The current Prime Minister’s speech was no different in this manner as he used ever chance to promote and campaign for his party. The speech laid emphasis on two mega narratives: economic growth and the problem of corruption. The recent report of the Economic Survey of the government has revealed already how there has been a decline in the growth rate of the county.
The PM asserted how under his leadership the honesty in common people was receiving its incentive and how they were so intolerant of corruption in public office. He thanked the people for their support of demonetization as it enabled the nation to deal with the disease of corruption and black money. But these claims stand little legitimacy when we look at the fact that the PM showed little concern about his own party’s corruption (the Vyapam in Madhya Pradesh being an example) and the question of who financed the purchasing of Congress MLA’s recently in Gujarat.
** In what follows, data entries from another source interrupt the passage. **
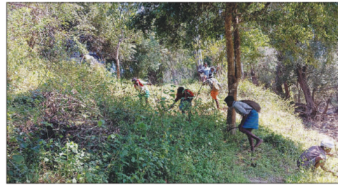
உடுமலை அருகே வனப்பகுதியில் தீ தடுப்புக்கோடுகள் அமைக்கும் பணியில் ஈடுபட தொழிலாளர்கள்.

உடுமலை திருப்பூர் வனக் கோட்டத்தில் தீ தடுப்புக்கோடுகள் அமைக்க ரூ.94.61 லட்சம் நிதி ஒதுக்கியும், தினசரி ஒருவருக்கு ரூ.200 மட்டுமே கூலியாக வனத்துறையினர் தருவதாக மலைவாழ் மக்கள் புகார் தெரிவித்துள்ளனர். ஆணைமலையில்காப்பகத்துக்கு உட்பட்ட திருப்பூர் வனக் கோட்டம் சுமார் 608 சது. கி.மீ. பரப்பளவில் அமைந்துள்ளது. உடுமலை, அமராவதி, கொழும்பு, காங்கயம், வந்தரவு ஆகிய வனச் சரகங்கள் இந்த வனக்கோட்டத்தில் அடங்கும். கோடை காலத்தில் வனப்பகுதியில் இயற்கையாக ஏற்படும் தீ விபத்துகளை தடுக்கும் வகையில் ஆண்டுதோறும் கோடை காலத்துக்கு முன்பே தீ தடுப்புக்கோடுகள் அமைப்பது வழக்கம். அதேபோல இந்த ஆண்டும் பணிகள் நடைபெற்று வருகின்றன. இதற்காக அரசு ரூ.94.61 லட்சம் நிதி ஒதுக்கி செய்துள்ளது. மலைவாழ் மக்களுக்கு வேலைவாய்ப்பு அளிக்கும் வகையில், இப்பணிகளில் அவர்களையே ஈடுபடுத்த வேண்டும் என அரசு அறிவுறுத்தி
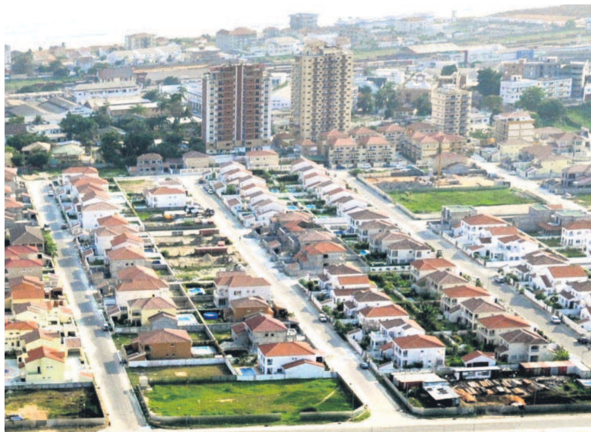
Maquette de la future Zone économique de Pointe-Noire (DR)

Ce nouveau texte a été révisé en tenant compte de l'appartenance du Congo à l'Organisation mondiale du commerce (OMC) et à l'Organisation mondiale des douanes (OMD), ainsi qu'à des observations des investisseurs et
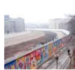
Nous découvrons qu'il y avait un mur pour séparer le pays dans la ville de Berlin, maintenant il y a la porte de Brandebourg
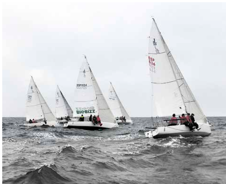
Biobizz -en nagusitasuna nabaria izan zen, baita bigarren estropadan ere.
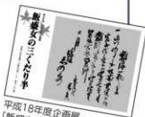
平成18年度企画展「飯盛女の三くだり半」の図録表紙

として「女大学の世界」、三くだり半企画展として「飯盛女の三くだり半」を開催しました。19年度春の企画展は、特別展「寺子屋の世界」を4月28日(土)～6月10日(日)に開催します。
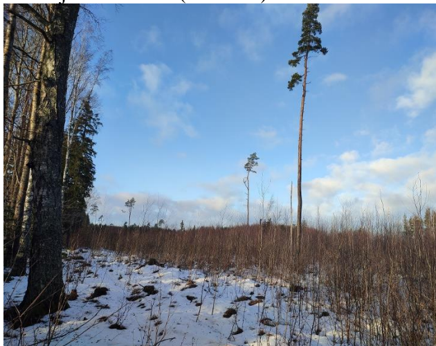
Foto 1 Vaade planeeringualale selle lõunapiirilt

Kivi katastriüksusele ei ulatu maakatastrisse kantud kitsendused. Maaüksust läbivad kuivenduskraavid. Maa-ameti kõlvikukaardi alusel on Kivi katastriüksuse 2,52 ha suurusest kogupindalast 2,43 ha metsamaa ning 0,09 ha muu maa (st kraavide alune maa). Maaüksusel on teostatud lageraie. Alal kasvavad üksikud seemnemännid, seemnekased on kuivanud. Valdav on haava ja kase võsa. (vt Fotod).
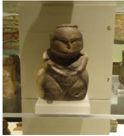
Görsel-3: Ana Tanrıça

Çatalhöyük'te ele geçirilen kadın heykelciklerinde, kadın, ağırlıklı olarak oturur durumdadır. Oturur olmasının nedeni doğum yapıyor olmasıdır. (Görsel-3) İlkel toplumlarda kadınlar, doğum esnasında ebelere ya da yardım eden kişilere tutunarak çömelir ya da oturma pozisyonu alırlardı. O nedenle heykelcikler ağırlıklı olarak bu şekilde biçimlendirilmiştir. Çatalhöyük'te oturan kadın heykelciklerinin çoğunun iki yanında vahşi hayvanlar durmaktadır. Bu hayvanlar gücü sembolize etmektedir. Kadınlar elleriyle; ya bu hayvanları, ya göğüslerini, ya da başlarını tutarlar. (Görsel-4) Kadınların göğüsleri iri ve sarkık, şişman ve iri kalçalıdır (Ergener, 1988: 33).
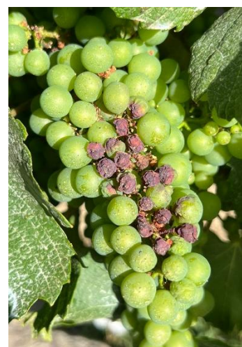
Echaudage (brûlure par le soleil) /!\ à ne pas confondre avec du mildiou

With little attention or scrutiny being allowed on his own part members in the light of crystal clear cases of corruption and dishonesty, it becomes impossible to believe the leader of the nation when he pleads against corruption or nepotism. What also should have been a cause of disappointment for the awakened citizen was the way in which the leader of the nation so conveniently ignored the immediate need of the hour. The need in India for communal harmony and peace. The security and fearless existence of the Muslim Community in the light of the recent atrocities against them is perhaps crucial to the constructive growth of the nation as a whole and not just to minorities as a group in isolation.
In a context of the large scale violence and communal intolerance in the recent months it is ironic that the leader of the nation-state fails to even realistically express his concern and willingness to alter things.
When the outgoing President spoke of it in his humble speech there was enough resistance and ridicule, this reflects how we are so closed to any conducive discussion on the matter.
It is a paradox that in his crisp and embellished speech the PM devoted a meagre minute to this issue. It is disheartening. The condition of the minorities and its impact on the larger secular ethos that India as a nation stands on will be immense and therefore not a matter that we as a collective can afford to take lightly. We are indeed passing through transitional and turbulent times when our condition is not just fragile and vulnerable but also susceptible to unprecedented decline. Lost in political rhetoric and mega theatrical leadership, are we missing out on issues that are critical to India’s future?